*Given data:*
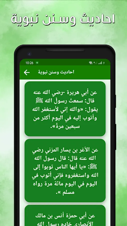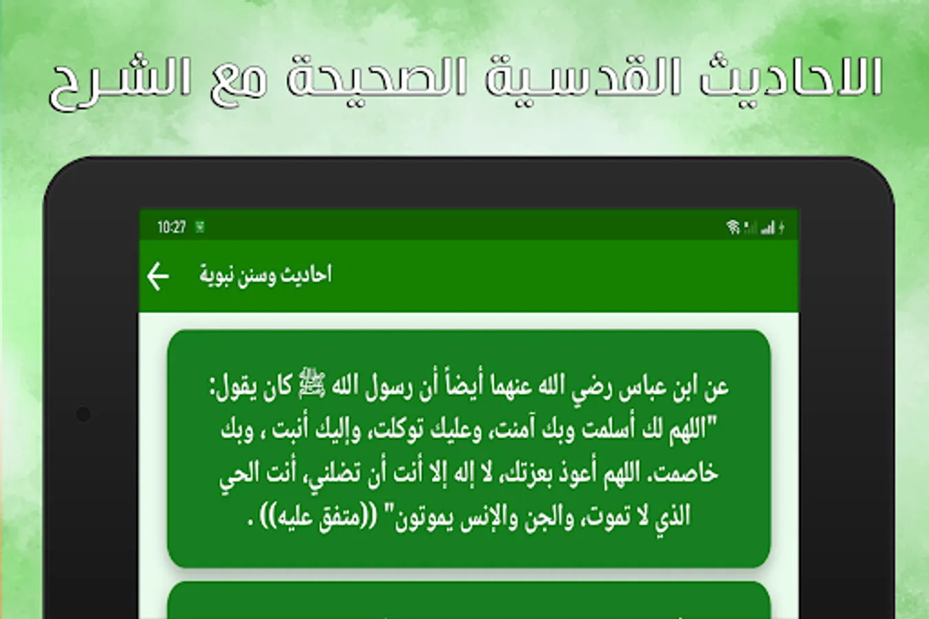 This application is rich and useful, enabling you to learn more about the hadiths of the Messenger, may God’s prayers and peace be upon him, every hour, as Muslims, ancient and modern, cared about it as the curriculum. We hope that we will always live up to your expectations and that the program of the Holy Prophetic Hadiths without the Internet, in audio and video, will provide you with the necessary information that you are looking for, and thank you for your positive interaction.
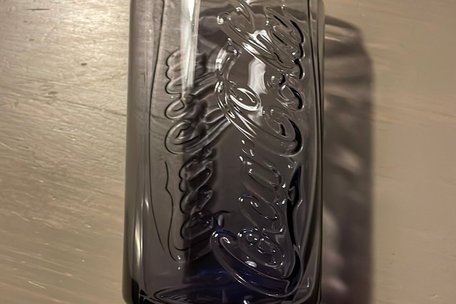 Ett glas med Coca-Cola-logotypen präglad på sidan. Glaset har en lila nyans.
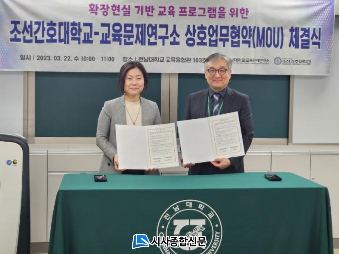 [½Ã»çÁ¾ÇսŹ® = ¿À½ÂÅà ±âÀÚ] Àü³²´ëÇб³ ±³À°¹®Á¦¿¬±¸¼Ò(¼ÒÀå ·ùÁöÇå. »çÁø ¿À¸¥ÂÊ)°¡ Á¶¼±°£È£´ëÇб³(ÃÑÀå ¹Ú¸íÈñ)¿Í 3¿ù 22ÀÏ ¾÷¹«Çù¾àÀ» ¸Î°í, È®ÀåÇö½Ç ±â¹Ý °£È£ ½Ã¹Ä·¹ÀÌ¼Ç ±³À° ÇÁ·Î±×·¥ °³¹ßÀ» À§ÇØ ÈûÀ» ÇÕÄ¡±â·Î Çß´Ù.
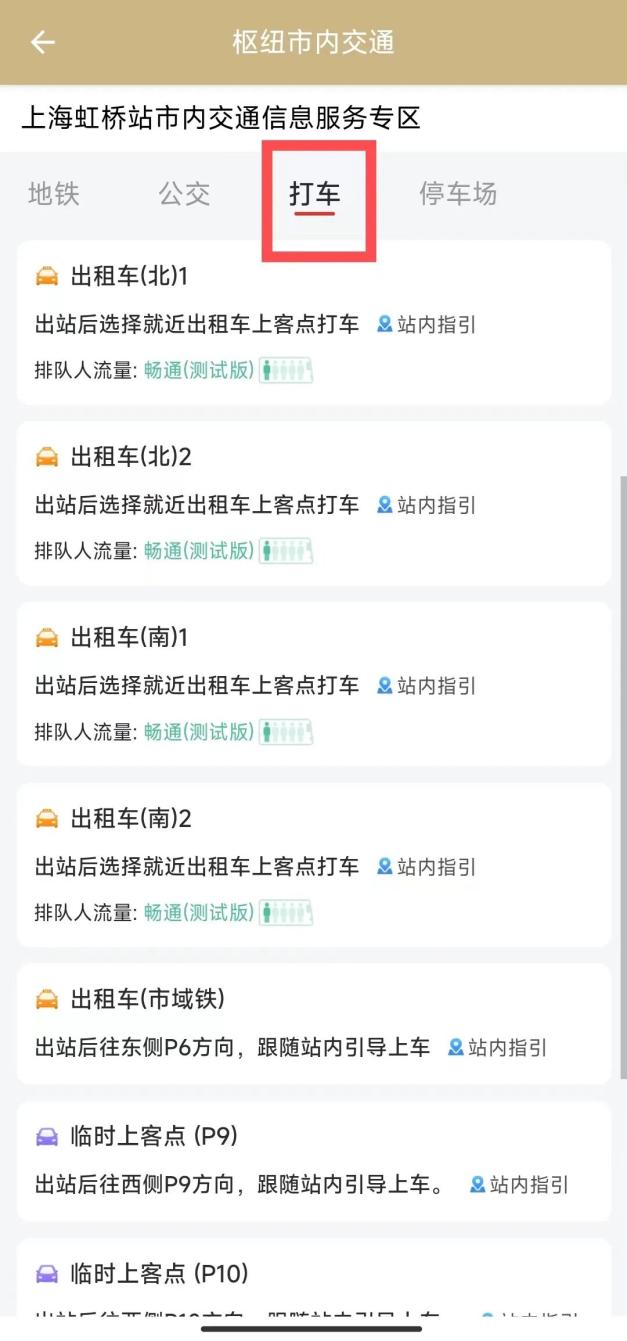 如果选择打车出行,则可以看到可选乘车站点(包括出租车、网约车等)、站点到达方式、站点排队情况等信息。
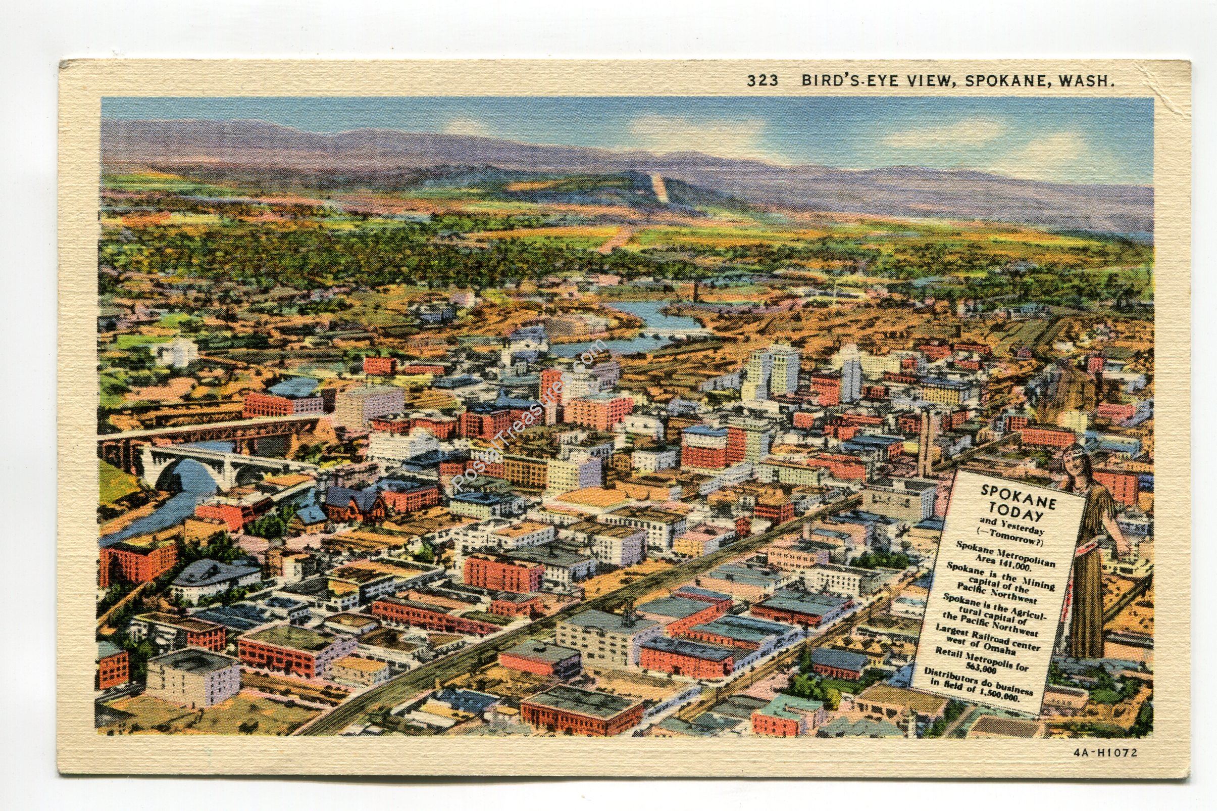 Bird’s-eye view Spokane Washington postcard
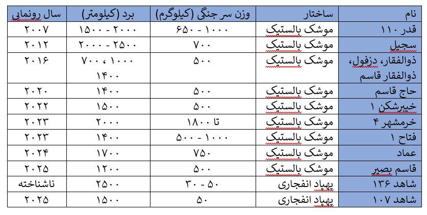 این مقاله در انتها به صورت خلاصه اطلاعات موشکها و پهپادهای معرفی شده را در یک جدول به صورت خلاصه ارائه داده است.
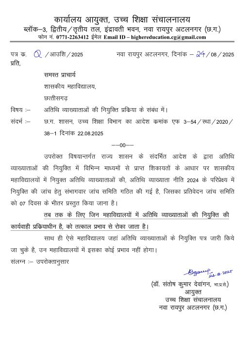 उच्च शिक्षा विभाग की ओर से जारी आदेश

*What the task asks:* The reply must consist of the complete listing, reproduced exactly, with no images.

*Response below:*
 This application is rich and useful, enabling you to learn more about the hadiths of the Messenger, may God’s prayers and peace be upon him, every hour, as Muslims, ancient and modern, cared about it as the curriculum. We hope that we will always live up to your expectations and that the program of the Holy Prophetic Hadiths without the Internet, in audio and video, will provide you with the necessary information that you are looking for, and thank you for your positive interaction.
 Ett glas med Coca-Cola-logotypen präglad på sidan. Glaset har en lila nyans.
 [½Ã»çÁ¾ÇսŹ® = ¿À½ÂÅà ±âÀÚ] Àü³²´ëÇб³ ±³À°¹®Á¦¿¬±¸¼Ò(¼ÒÀå ·ùÁöÇå. »çÁø ¿À¸¥ÂÊ)°¡ Á¶¼±°£È£´ëÇб³(ÃÑÀå ¹Ú¸íÈñ)¿Í 3¿ù 22ÀÏ ¾÷¹«Çù¾àÀ» ¸Î°í, È®ÀåÇö½Ç ±â¹Ý °£È£ ½Ã¹Ä·¹ÀÌ¼Ç ±³À° ÇÁ·Î±×·¥ °³¹ßÀ» À§ÇØ ÈûÀ» ÇÕÄ¡±â·Î Çß´Ù.
 如果选择打车出行,则可以看到可选乘车站点(包括出租车、网约车等)、站点到达方式、站点排队情况等信息。
 Bird’s-eye view Spokane Washington postcard
 این مقاله در انتها به صورت خلاصه اطلاعات موشکها و پهپادهای معرفی شده را در یک جدول به صورت خلاصه ارائه داده است.
 उच्च शिक्षा विभाग की ओर से जारी आदेश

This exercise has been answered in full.